[RECORDS FOR THE EXERCISE Boundary: Start]

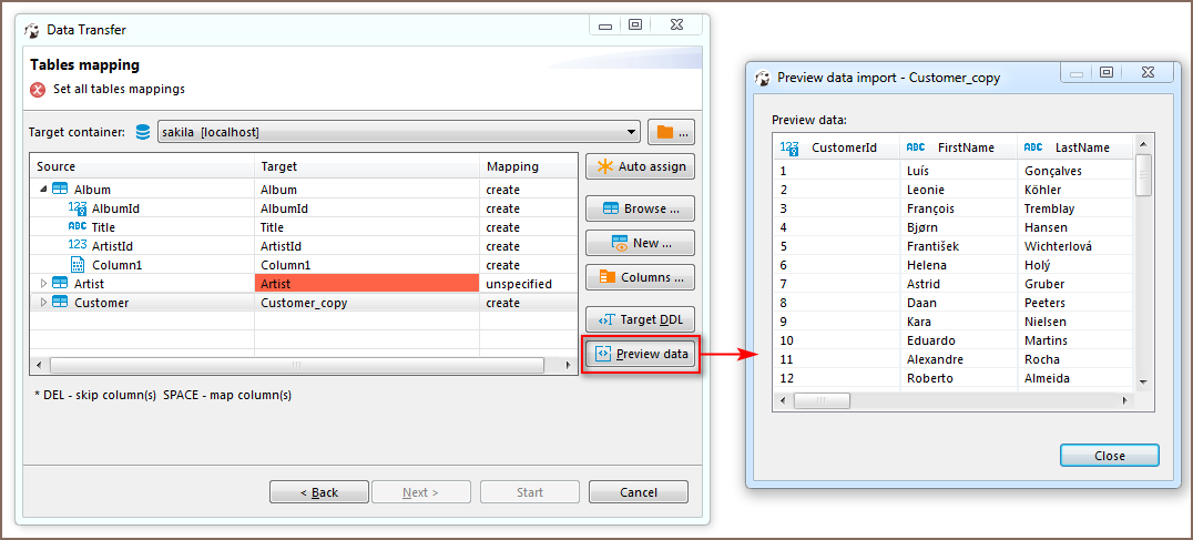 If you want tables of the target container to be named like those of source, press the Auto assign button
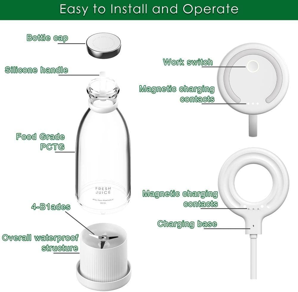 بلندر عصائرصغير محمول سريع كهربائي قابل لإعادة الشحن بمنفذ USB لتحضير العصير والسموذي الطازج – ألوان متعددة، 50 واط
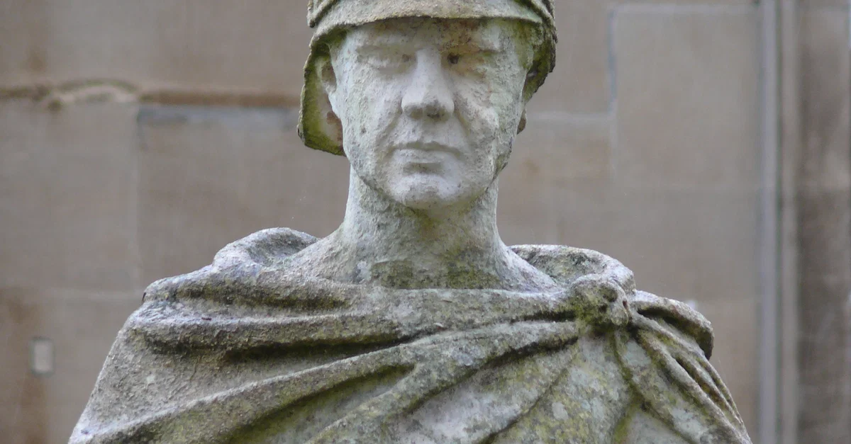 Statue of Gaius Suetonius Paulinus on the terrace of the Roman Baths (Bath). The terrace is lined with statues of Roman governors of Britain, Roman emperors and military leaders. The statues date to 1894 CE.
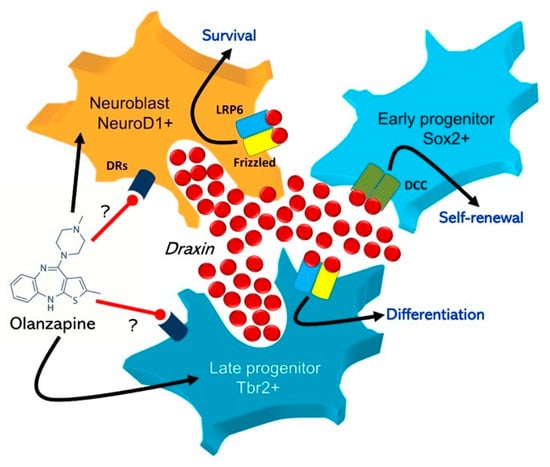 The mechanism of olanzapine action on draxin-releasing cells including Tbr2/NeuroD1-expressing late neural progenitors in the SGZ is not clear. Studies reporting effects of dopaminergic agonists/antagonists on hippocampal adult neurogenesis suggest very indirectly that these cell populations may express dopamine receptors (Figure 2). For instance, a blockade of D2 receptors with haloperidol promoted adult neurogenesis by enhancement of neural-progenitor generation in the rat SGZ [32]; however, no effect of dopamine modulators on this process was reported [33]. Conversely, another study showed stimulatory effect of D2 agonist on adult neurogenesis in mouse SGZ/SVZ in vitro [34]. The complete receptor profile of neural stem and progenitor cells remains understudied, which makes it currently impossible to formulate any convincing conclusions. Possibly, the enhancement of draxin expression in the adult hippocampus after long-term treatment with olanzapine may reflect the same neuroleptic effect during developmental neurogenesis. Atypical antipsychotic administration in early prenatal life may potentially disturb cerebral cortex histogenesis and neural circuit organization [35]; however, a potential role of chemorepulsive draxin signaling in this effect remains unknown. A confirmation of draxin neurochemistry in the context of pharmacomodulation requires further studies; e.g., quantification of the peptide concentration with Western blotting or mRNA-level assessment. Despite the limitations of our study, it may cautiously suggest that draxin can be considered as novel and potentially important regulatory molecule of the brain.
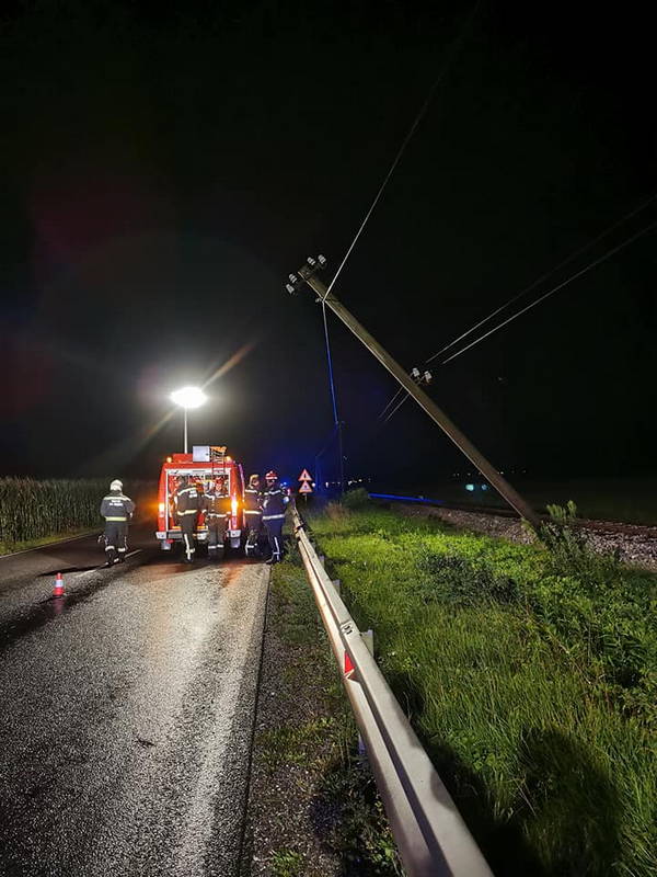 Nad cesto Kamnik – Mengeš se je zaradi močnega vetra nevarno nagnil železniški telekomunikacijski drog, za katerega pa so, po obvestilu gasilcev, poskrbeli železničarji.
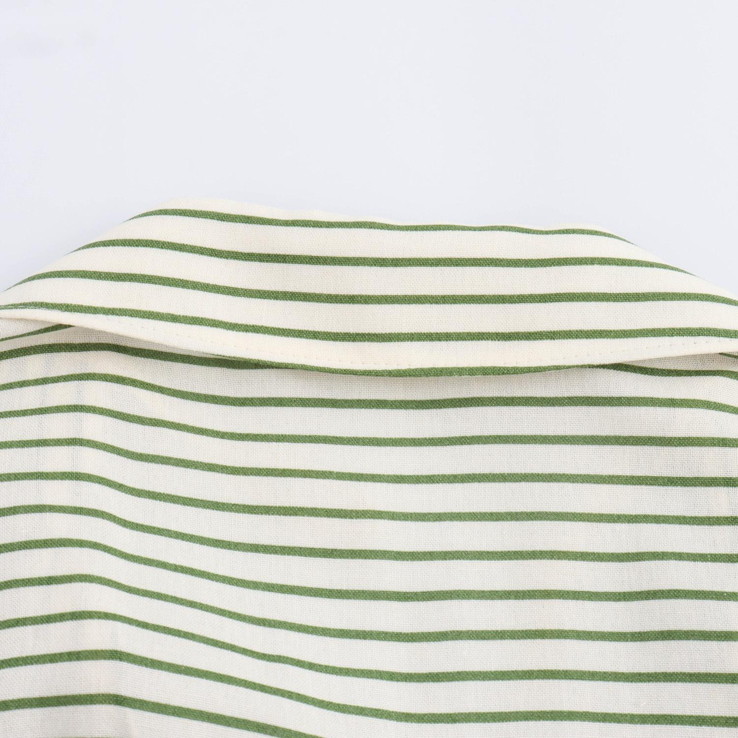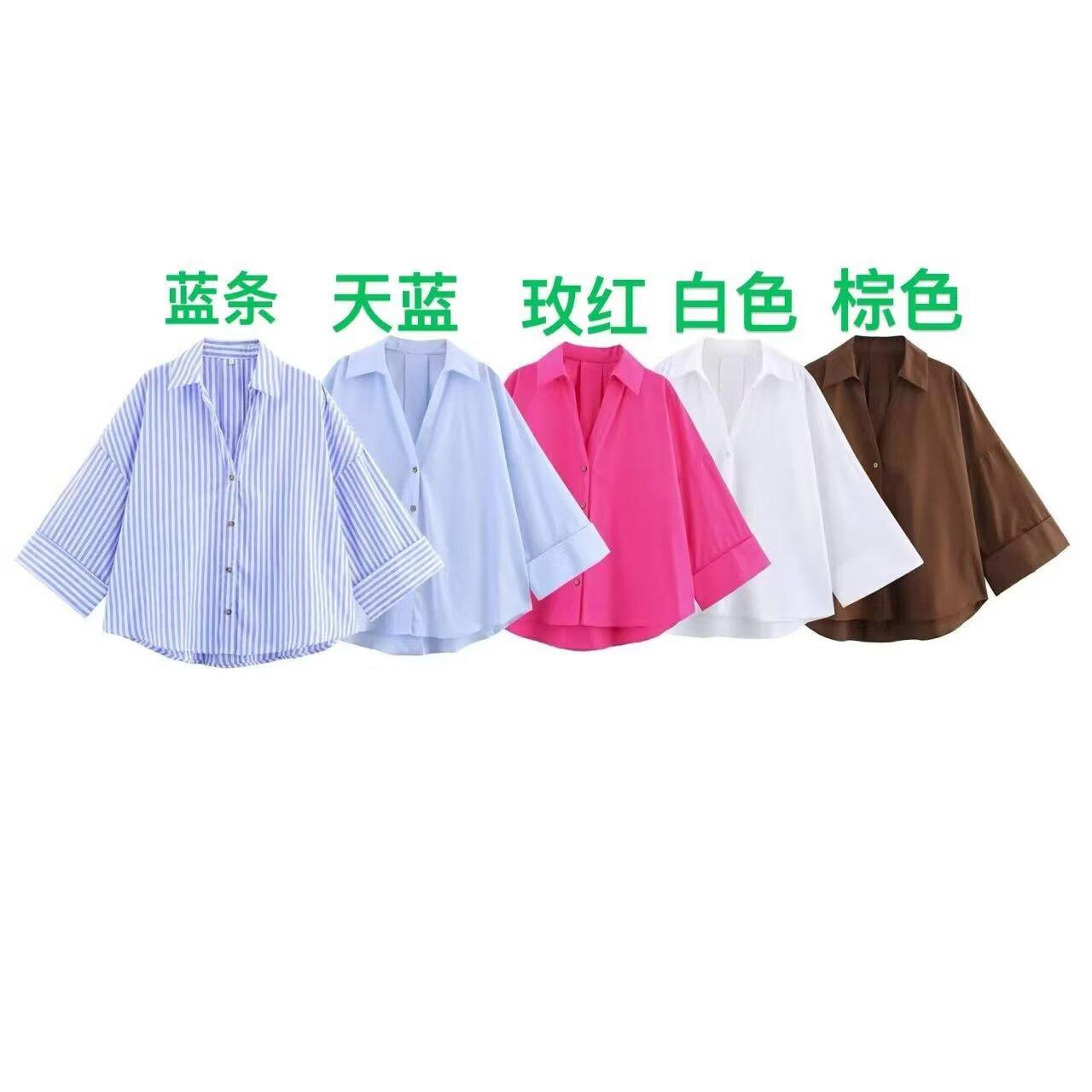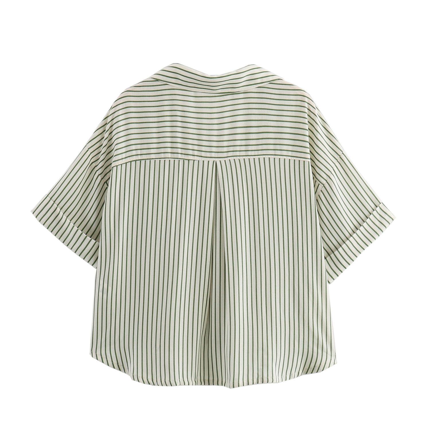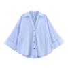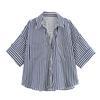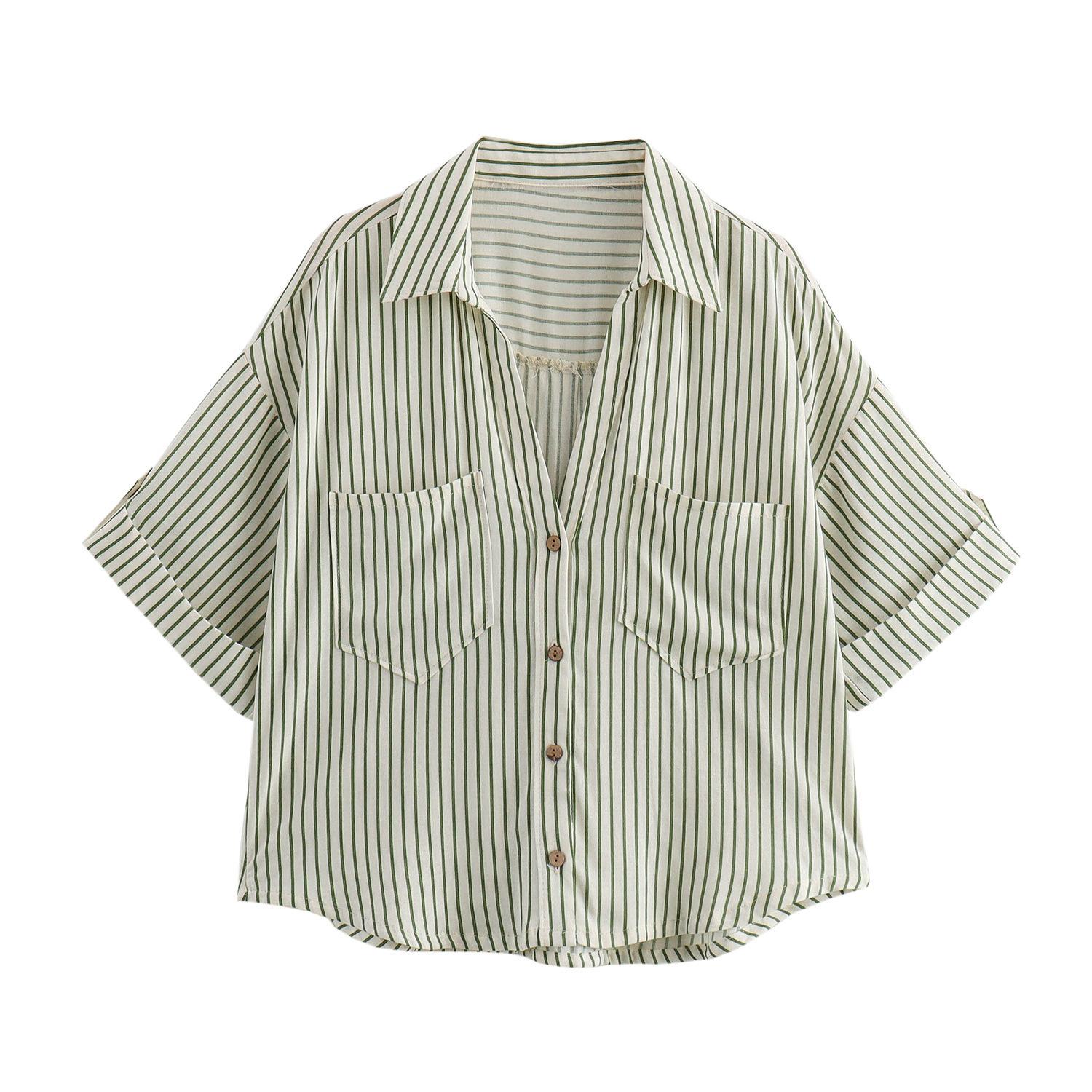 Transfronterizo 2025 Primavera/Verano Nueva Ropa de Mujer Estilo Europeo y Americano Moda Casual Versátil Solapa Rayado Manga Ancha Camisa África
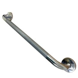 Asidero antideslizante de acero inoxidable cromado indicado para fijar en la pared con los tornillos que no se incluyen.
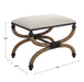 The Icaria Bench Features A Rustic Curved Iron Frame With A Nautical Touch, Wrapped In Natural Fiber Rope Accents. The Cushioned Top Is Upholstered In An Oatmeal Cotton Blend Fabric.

[RECORDS FOR THE EXERCISE Boundary: End]

PROBLEM: Leaving every picture aside, reproduce exactly the lines above from the one with "بلندر عصائرصغير محمول" up to and including the one with "Statue of Gaius", and no others.

WRITTEN RESPONSE:
 بلندر عصائرصغير محمول سريع كهربائي قابل لإعادة الشحن بمنفذ USB لتحضير العصير والسموذي الطازج – ألوان متعددة، 50 واط
 Statue of Gaius Suetonius Paulinus on the terrace of the Roman Baths (Bath). The terrace is lined with statues of Roman governors of Britain, Roman emperors and military leaders. The statues date to 1894 CE.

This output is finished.